### WHAT THIS TASK INVOLVES
For the listing below, the answer is an exact retyping of the lines from the one with "Se realizó un" through the one with "小関 実ノ助さんを姓名の画数から五運を鑑定", both included, without pictures.

### INFORMATION
════════════════════

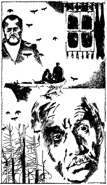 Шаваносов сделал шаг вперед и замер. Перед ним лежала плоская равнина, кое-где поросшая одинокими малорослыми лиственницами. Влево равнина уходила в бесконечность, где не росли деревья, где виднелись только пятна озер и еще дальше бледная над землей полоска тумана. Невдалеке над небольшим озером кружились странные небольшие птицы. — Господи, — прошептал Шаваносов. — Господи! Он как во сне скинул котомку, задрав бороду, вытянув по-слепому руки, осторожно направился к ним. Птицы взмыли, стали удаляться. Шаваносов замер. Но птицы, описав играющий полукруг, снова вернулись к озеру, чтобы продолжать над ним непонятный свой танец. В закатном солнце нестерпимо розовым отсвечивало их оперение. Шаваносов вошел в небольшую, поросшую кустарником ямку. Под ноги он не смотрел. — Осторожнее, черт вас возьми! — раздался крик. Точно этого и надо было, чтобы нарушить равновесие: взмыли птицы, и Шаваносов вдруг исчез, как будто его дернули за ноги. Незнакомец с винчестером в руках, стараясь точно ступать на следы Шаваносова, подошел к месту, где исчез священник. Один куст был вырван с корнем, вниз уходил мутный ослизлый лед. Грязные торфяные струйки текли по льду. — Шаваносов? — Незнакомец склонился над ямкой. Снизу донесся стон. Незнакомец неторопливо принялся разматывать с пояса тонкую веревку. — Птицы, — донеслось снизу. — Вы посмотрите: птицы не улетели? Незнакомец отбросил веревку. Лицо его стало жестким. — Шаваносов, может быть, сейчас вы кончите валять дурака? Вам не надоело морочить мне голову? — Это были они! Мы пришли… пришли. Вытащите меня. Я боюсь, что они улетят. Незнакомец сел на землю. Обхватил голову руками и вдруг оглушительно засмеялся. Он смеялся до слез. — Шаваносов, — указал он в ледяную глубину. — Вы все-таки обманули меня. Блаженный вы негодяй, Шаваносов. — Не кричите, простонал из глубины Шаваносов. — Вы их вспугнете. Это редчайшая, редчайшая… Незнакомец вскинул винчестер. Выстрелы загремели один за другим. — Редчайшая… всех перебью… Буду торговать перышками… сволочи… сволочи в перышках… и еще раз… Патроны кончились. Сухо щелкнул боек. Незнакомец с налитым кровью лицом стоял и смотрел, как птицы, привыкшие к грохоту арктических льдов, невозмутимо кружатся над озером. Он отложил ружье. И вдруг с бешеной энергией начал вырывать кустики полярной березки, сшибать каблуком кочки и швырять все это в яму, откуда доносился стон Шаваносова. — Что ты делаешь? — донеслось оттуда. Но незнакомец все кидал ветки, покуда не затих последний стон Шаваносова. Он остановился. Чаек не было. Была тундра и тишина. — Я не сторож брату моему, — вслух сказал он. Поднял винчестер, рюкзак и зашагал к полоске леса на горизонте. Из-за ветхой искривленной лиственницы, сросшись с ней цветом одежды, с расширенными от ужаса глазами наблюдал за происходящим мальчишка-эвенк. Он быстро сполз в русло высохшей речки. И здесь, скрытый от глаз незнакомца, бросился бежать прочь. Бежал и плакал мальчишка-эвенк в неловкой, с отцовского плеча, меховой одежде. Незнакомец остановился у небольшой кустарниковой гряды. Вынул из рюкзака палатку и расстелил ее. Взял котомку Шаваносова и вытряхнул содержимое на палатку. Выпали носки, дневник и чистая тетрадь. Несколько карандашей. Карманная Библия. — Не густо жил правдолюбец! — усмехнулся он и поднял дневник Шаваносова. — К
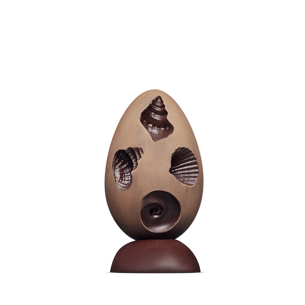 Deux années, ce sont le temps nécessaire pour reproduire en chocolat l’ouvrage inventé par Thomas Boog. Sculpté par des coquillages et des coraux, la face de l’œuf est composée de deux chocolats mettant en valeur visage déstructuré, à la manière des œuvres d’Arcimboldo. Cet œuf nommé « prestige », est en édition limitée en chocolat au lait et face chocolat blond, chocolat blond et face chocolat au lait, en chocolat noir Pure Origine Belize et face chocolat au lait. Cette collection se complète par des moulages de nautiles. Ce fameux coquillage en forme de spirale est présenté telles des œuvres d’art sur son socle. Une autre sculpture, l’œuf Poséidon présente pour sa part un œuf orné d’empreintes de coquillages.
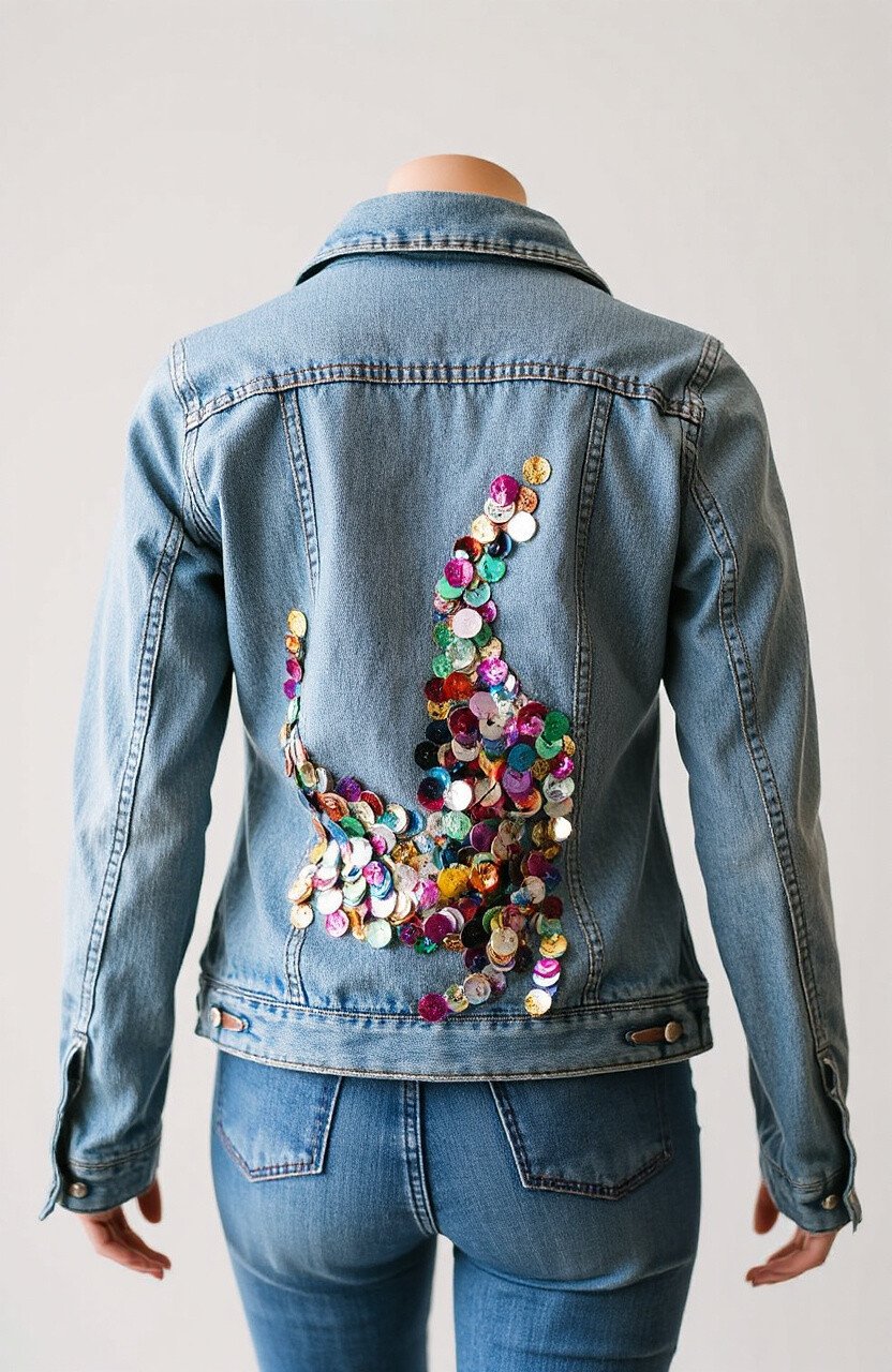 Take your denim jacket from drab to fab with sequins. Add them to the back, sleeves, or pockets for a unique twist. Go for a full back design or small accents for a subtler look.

════════════════════

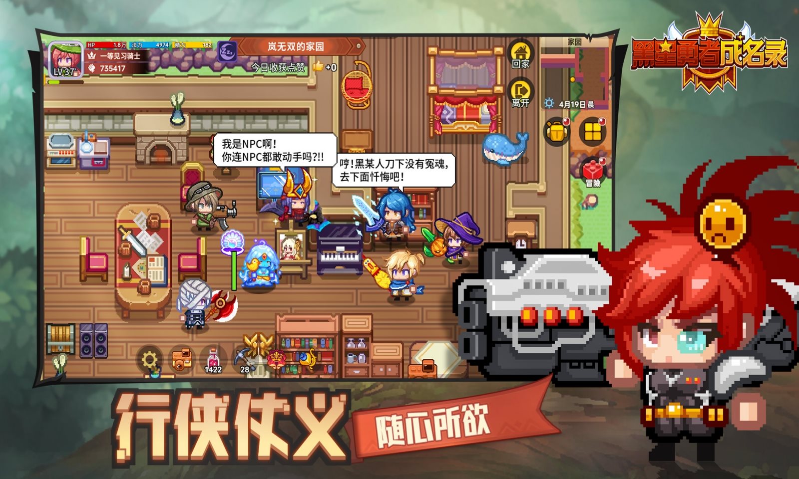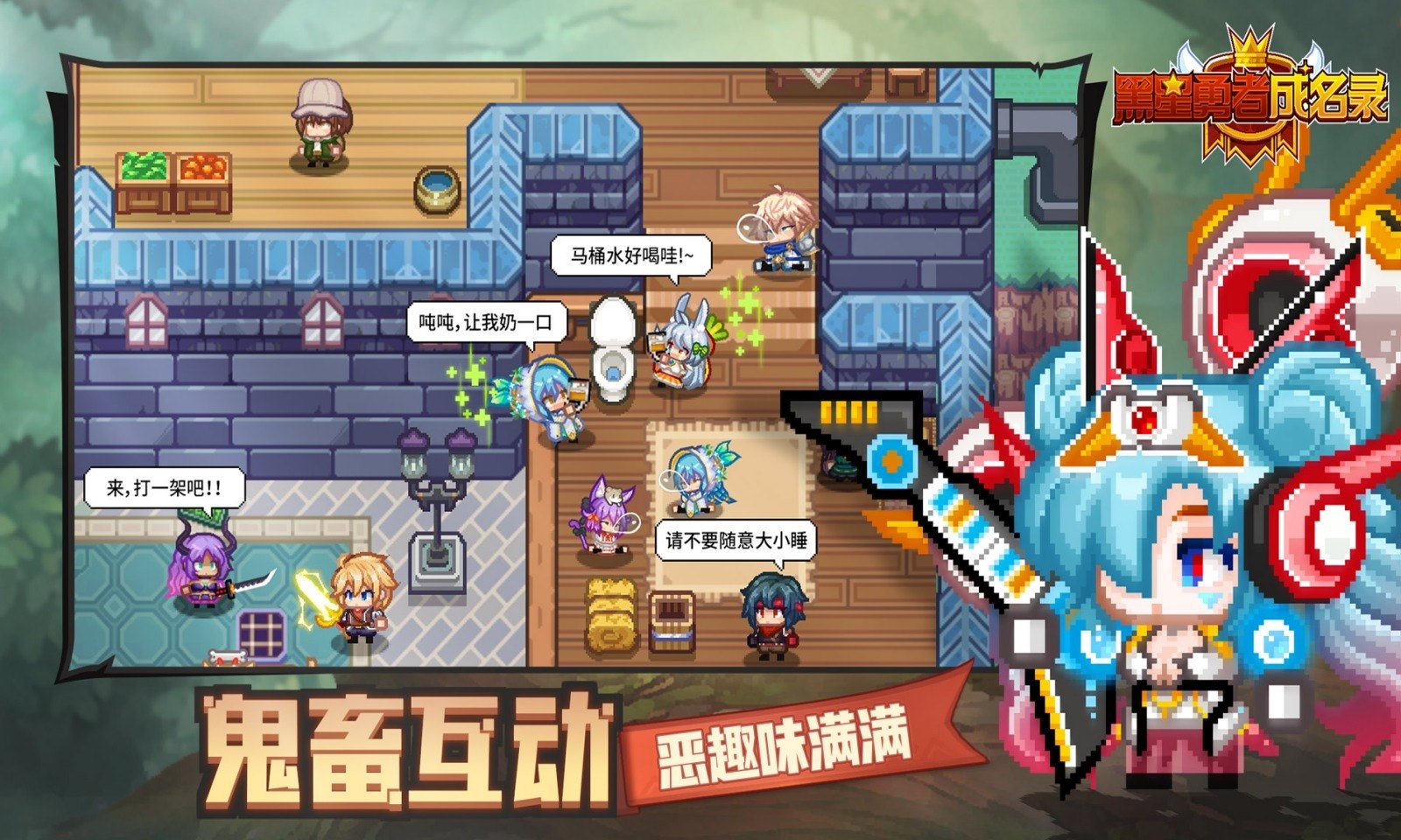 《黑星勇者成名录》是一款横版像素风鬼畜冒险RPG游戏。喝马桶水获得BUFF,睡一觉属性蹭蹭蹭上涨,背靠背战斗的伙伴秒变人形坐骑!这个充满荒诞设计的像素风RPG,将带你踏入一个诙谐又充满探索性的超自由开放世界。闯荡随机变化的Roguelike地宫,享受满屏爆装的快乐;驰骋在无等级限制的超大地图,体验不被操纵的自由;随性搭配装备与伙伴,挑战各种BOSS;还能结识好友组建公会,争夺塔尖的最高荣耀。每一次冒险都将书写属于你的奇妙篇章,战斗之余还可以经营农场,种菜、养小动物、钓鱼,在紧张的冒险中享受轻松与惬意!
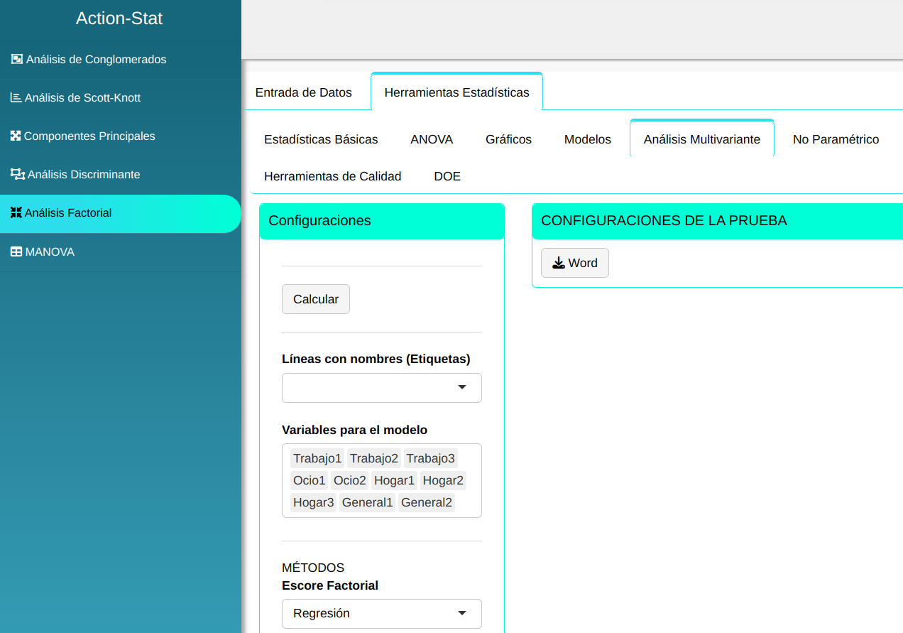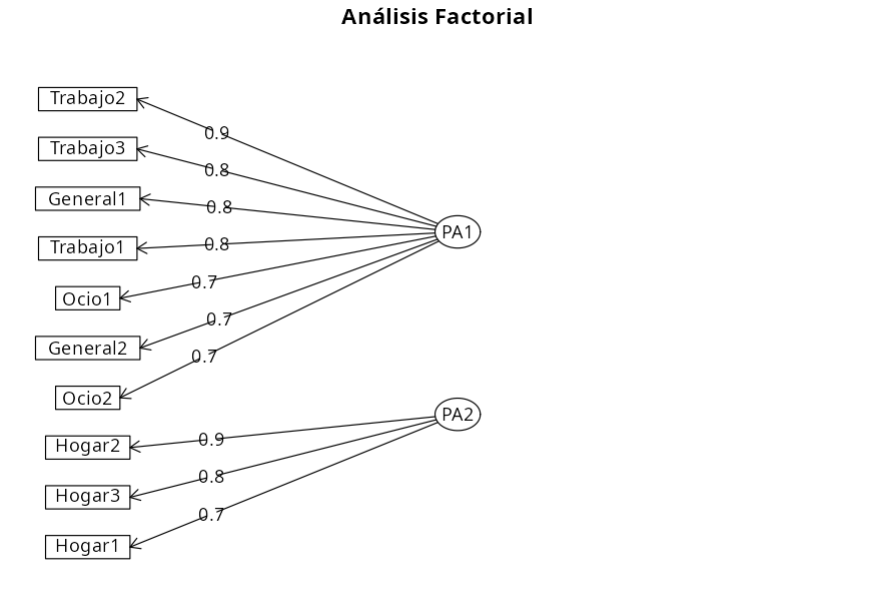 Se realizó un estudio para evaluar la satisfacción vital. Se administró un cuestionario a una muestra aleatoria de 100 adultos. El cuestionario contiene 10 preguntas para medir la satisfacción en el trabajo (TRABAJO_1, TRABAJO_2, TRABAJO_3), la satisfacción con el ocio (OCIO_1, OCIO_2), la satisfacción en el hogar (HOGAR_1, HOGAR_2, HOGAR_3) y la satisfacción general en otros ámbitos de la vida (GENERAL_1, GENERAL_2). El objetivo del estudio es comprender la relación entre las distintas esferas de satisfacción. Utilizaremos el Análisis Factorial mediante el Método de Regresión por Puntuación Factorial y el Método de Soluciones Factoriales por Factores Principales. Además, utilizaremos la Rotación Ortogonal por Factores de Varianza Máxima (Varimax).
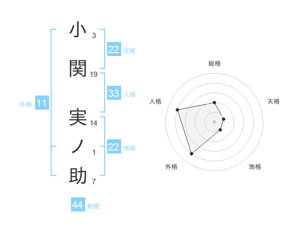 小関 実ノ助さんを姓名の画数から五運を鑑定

════════════════════

### RESULT OF THE TASK
 Se realizó un estudio para evaluar la satisfacción vital. Se administró un cuestionario a una muestra aleatoria de 100 adultos. El cuestionario contiene 10 preguntas para medir la satisfacción en el trabajo (TRABAJO_1, TRABAJO_2, TRABAJO_3), la satisfacción con el ocio (OCIO_1, OCIO_2), la satisfacción en el hogar (HOGAR_1, HOGAR_2, HOGAR_3) y la satisfacción general en otros ámbitos de la vida (GENERAL_1, GENERAL_2). El objetivo del estudio es comprender la relación entre las distintas esferas de satisfacción. Utilizaremos el Análisis Factorial mediante el Método de Regresión por Puntuación Factorial y el Método de Soluciones Factoriales por Factores Principales. Además, utilizaremos la Rotación Ortogonal por Factores de Varianza Máxima (Varimax).
 小関 実ノ助さんを姓名の画数から五運を鑑定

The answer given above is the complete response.